What is Cross-Site Scripting (XSS)?

According to both OWASP and CWE, Cross-Site Scripting is one of the top 10 most dangerous web application security risks, and for good reason: OWASP’s data showed that around 2/3rds of all applications had at least one Cross-Site Scripting vulnerability, making it the second most prevalent issue in the OWASP top 10. It also labels the impact of XSS as moderate to severe, because it can vary from a simple prank, all the way to stealing important information (credit card info, passwords, and other PII), remotely executing code on the victim’s browser, and even delivering malware to the victim.

I have to admit that for the longest time as a web developer, I assumed XSS was uncommon and not that dangerous of a vulnerability. Turns out that I had those thoughts because I didn’t understand it.

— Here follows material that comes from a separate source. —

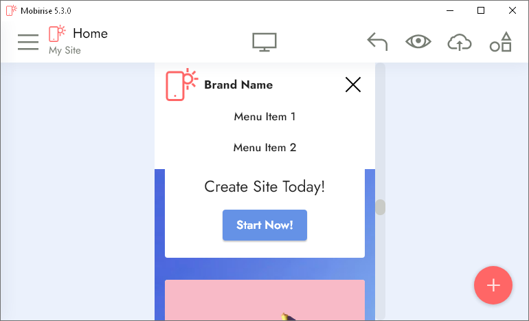 Принцип работы с Mobirise основан на добавлении визуальных блоков и их настройке через боковую панель. С помощью кнопки «плюс» справа можно вставить нужный элемент: например, заголовок, галерею или форму. Каждый блок настраивается индивидуально — можно менять шрифты, цвета, отступы и анимацию. Встроенная предварительная вёрстка показывает, как сайт будет выглядеть в браузере на компьютере, планшете и смартфоне. После завершения редактирования проект можно экспортировать и загрузить на сервер через FTP. Программа не требует постоянного интернет-соединения, что удобно для оффлайн-работы.

XSS is an incredibly serious vulnerability that taps into the power of JavaScript, which is only increasing every year. Since your browser is a communication portal between you and the internet, and your browser is what executes client-side JavaScript code when you access websites, successful XSS attacks can end up taking over your browser.

Once that happens, either automatically or manually, the attacker can execute commands remotely, scraping information stored in your browser, running recon on your internal networks (whether at home or at work), and potentially even taking control of things like your printers, routers, etc…

That escalated quickly, and we’re getting ahead of ourselves, but it’s important to understand that XSS can have very serious impacts! At the end of this article, I’ll even share a link to a Tesla Model 3 XSS case study so you can see a real-world example.

By the way, this post is an excerpt from our course: Cross-Site Scripting(XSS): The 2021 Guide. If you’re serious about learning XSS attacks and defenses, definitely check it out.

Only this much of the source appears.